-- Raw data follows --

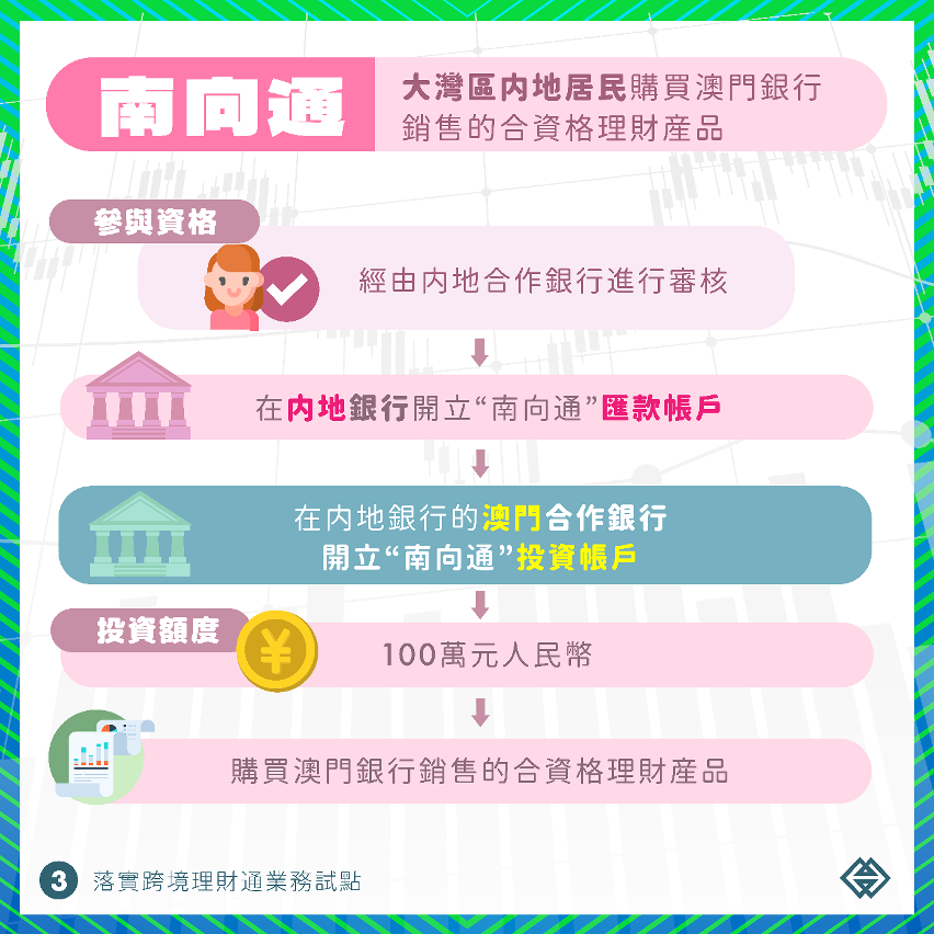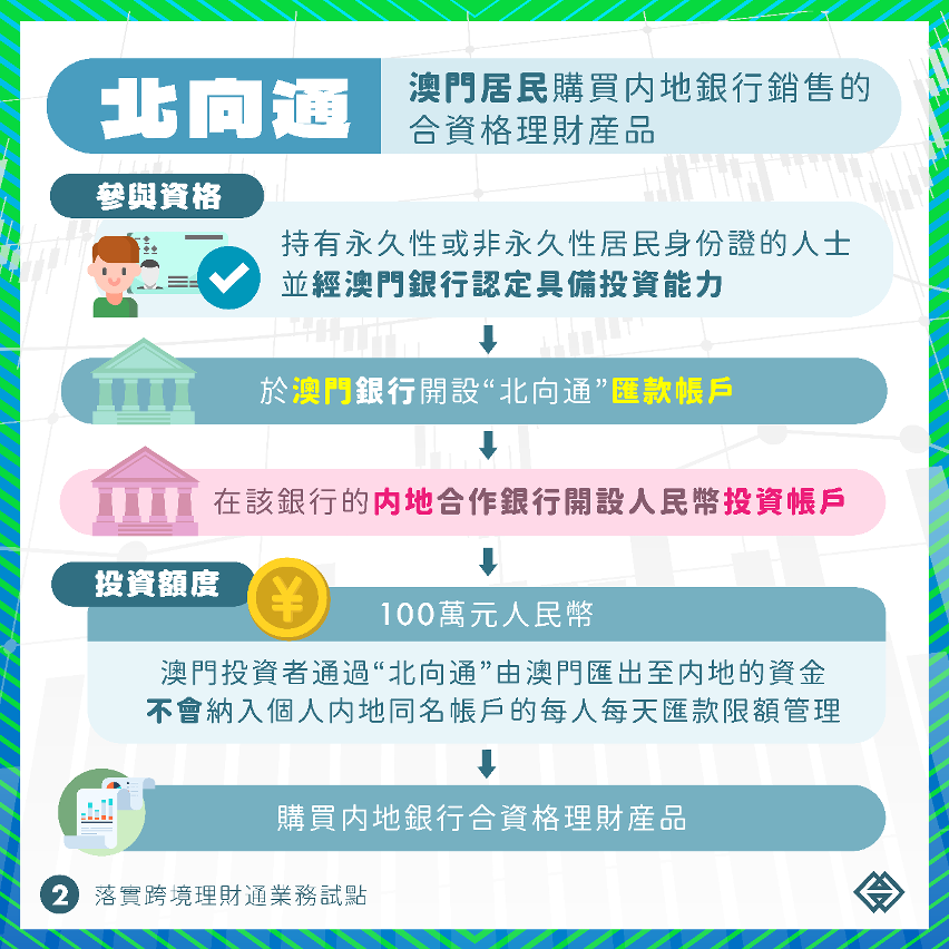 澳门居民可于澳门银行开设“北向通”汇款帐户,并在该银行的内地合作银行开立人民币投资帐户,以购买经内地银行销售的合资格理财产品。大湾区内地居民则可在内地银行开立“南向通”汇款帐户及在该内地银行的澳门合作银行开立投资帐户,以购买澳门银行销售的合资格理财产品。
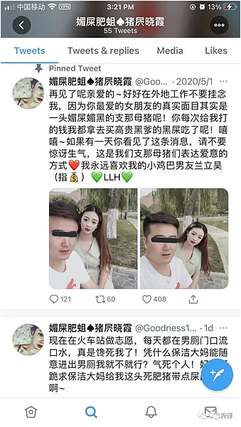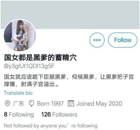 「這些媚黑賤貨也都是爹媽生的,他們被西方白左文化洗了腦,變成人不人鬼不鬼,哪個父母攤上這樣的女兒是倒了八輩子黴!如果像推特中這麼多中國女孩找黑人淫亂,又對中國男孩提出各種苛刻要求,萬一這個中國女孩懷了黑人的孩子,如果抱回來,做中國父母的養不養? ! 」
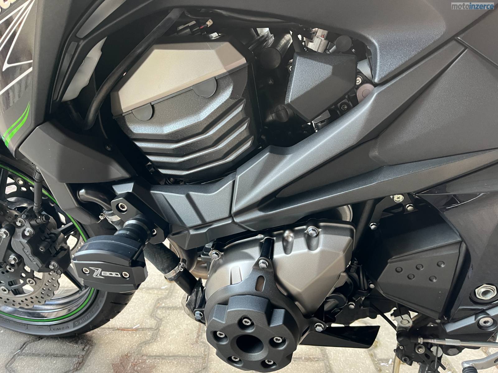 Výbava: laděný výfuk s homologací + db killer, plexi štítek, stavitelné páčky, padáky, originál kryty motoru Kawasaki, padák ochrana výfuku, hliníková zrcátka, držák topcase + topcase, ukazatel zařazené rychlosti, hliníkový kryt chladiče, zadní blatníček nad kolo, rolny do kyvné vidlice, padákové protektory do předního kola, rozšíření na stojánek.

-- Raw data concluded --

Exercise brief:
It would help to have the listing above repeated exactly, with all images removed.

Response area:
 澳门居民可于澳门银行开设“北向通”汇款帐户,并在该银行的内地合作银行开立人民币投资帐户,以购买经内地银行销售的合资格理财产品。大湾区内地居民则可在内地银行开立“南向通”汇款帐户及在该内地银行的澳门合作银行开立投资帐户,以购买澳门银行销售的合资格理财产品。
 「這些媚黑賤貨也都是爹媽生的,他們被西方白左文化洗了腦,變成人不人鬼不鬼,哪個父母攤上這樣的女兒是倒了八輩子黴!如果像推特中這麼多中國女孩找黑人淫亂,又對中國男孩提出各種苛刻要求,萬一這個中國女孩懷了黑人的孩子,如果抱回來,做中國父母的養不養? ! 」
 Výbava: laděný výfuk s homologací + db killer, plexi štítek, stavitelné páčky, padáky, originál kryty motoru Kawasaki, padák ochrana výfuku, hliníková zrcátka, držák topcase + topcase, ukazatel zařazené rychlosti, hliníkový kryt chladiče, zadní blatníček nad kolo, rolny do kyvné vidlice, padákové protektory do předního kola, rozšíření na stojánek.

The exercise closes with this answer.